The drug cartels are moving into legal drugs more and more, all that removing prohibition does is shift operations into legal stuff. Heck, big Al switched over from booze to milk and had the government add safety rules wich made it more profitable, (and safer for children). Problem with Viagra you get arsenic based paint and other harmful material in the counterfiet pills.

As mentioned, when restrictions are removed on everything, they will deliberately created highly addictive substances and push them on small children, and nobody will be able to stop it.

Wait until Scopolamine becomes legal, and teenage boys are allowed to use it to snag that first date, you wouldn't want somebody using it on your daughter would you.

That said, I would argue that we need a new strategy to conclude the drug war, one way or another. Concentrating resources on attacking the top of the drug cartel empire, the financial and political side, has never been attempted.

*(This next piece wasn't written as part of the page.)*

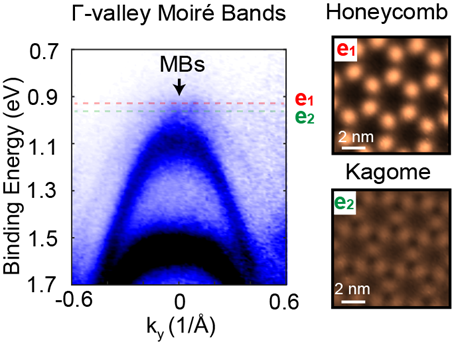 转角过渡金属硫族化合物(tTMDs)被预言为一类可实现多种可控量子模型的材料平台,其倒空间不同位点的莫尔能带可用于实现多种基本哈密顿量的模拟,包括三角型、蜂巢型、笼目型等。此外,已有输运实验证据显示,转角WSe2中的价带顶附近的莫尔能带在不同填充条件下可以实现强关联绝缘态和零电阻态。然而,人们仍不清楚莫尔能带在动量空间的电子结构和对应的实空间电子分布。

At most large financial corporations pay a relatively small fine and promise not to do it anymore, which they totally ignore. If nothing else it would mean the equal application of justice.
CHoff

MSimon
Posts: 14335
Joined: Mon Jul 16, 2007 7:37 pm
Location: Rockford, Illinois
Contact:

Post by MSimon »

The drug cartels are moving into legal drugs more and more, all that removing prohibition does is shift operations into legal stuff.
Quite correct. The cartels now move more "legal" opiates than they do heroin by a factor of 4 to 1. The only way to beat the cartels is to go back to the status quo ante ( pre Dec 1914).

As you point out - there is no way to stop human appetites.
In one of the ads, two former top Justice Department officials in Seattle, U.S. attorneys John McKay and Kate Pflaumer, join the former head of the FBI’s office in Seattle, Charles Mandigo, in urging voters to approve Initiative 502. All three have previously come out in favor of the measure, which would set up a system of licensed marijuana growers, processors and standalone retail stores, and McKay is a sponsor of the initiative.

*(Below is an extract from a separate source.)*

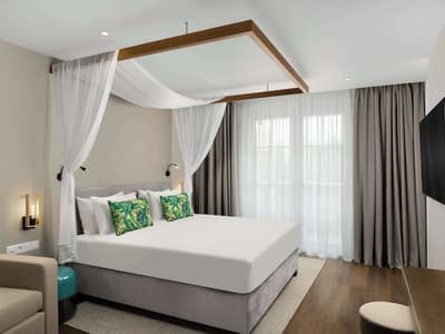 Spoiler alert : vos kids vont devenir complètement dingue en découvrant ce resort. Le Mövenpick BalaLand est un hôtel à thème qui vous embarque pour le tour du monde en 80 jours de Jules Verne, en version XXIe siècle, plus fun et plus acidulée. Dès le lobby, vous êtes dans l’ambiance. Vous voici immergés dans un décor aquatique avec des références à la SF et la littérature rétro-futuriste. Illusions d’optique et jeux de miroir, modules ludiques spectaculaires, mappemonde vintage, tout a été pensé comme une pièce de théâtre magistrale où chaque recoin cache un nouveau souvenir à instagrammer. Trop stylé ! Pas besoin d’aller à Disney, ici il y a tout : piscine géante, châteaux à escalader, manège de dirigeables. Côté ambiance, le resort est construit dans un style caribéen néo-colonial avec de belles chambres baignées de lumière, des espaces salon très cosy et de nombreux espaces de restauration. Bref vous avez compris le concept : ici on réserve pour des vacances fun et émerveillées avec toute la family. Et en plus, le Mövenpick BalaLand est certifié Green Globe et s’engage à réduire les déchets, optimiser l’énergie et l’eau et valoriser les biodéchets en boucle fermée.

“We know firsthand that decades of marijuana arrests have failed to reduce use,” Mandigo says. “And the drug cartels are pocketing all the profits.”

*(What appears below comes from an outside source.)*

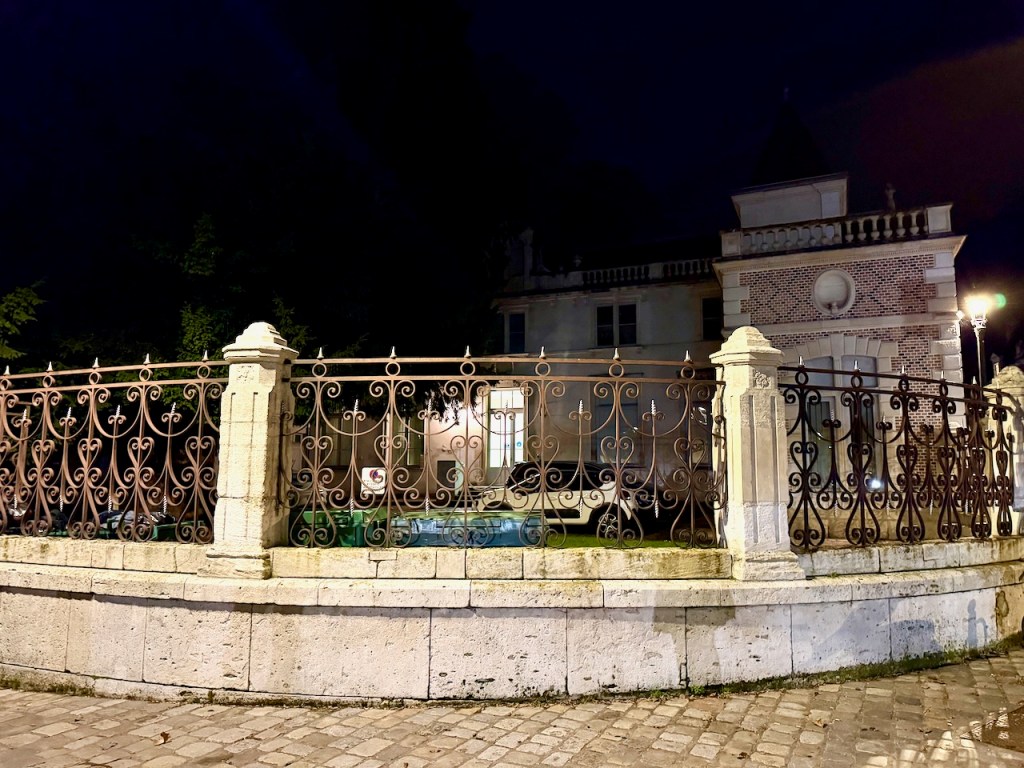 Aukion lähellä oli tällainenkin suihkulähdepatsas. Veistokseen oli kaiverrettu nimi Belmondo. Google lens kertoi, että veistos oli ranskalaisen näyttelijän Jean-Paul Belmondon isän, Paul Belmondon, käsialaa. Hänet tunnettiin yhtenä 1900-luvun merkittävimmistä ranskalaisista kuvanveistäjistä.

http://seattle.cbslocal.com/2012/10/10/66548/
Mandigo also said, ”There is no way law enforcement can address the tens of thousands of hand-to-hand street drug transactions.”

It will take a while for Americans to come to their senses about opiates. Ending pot prohibition will start the conversation.
Engineering is the art of making what you want from what you can get at a profit.

MSimon
Posts: 14335
Joined: Mon Jul 16, 2007 7:37 pm
Location: Rockford, Illinois
Contact:

Post by MSimon »

As mentioned, when restrictions are removed on everything, they will deliberately created highly addictive substances and push them on small children, and nobody will be able to stop it.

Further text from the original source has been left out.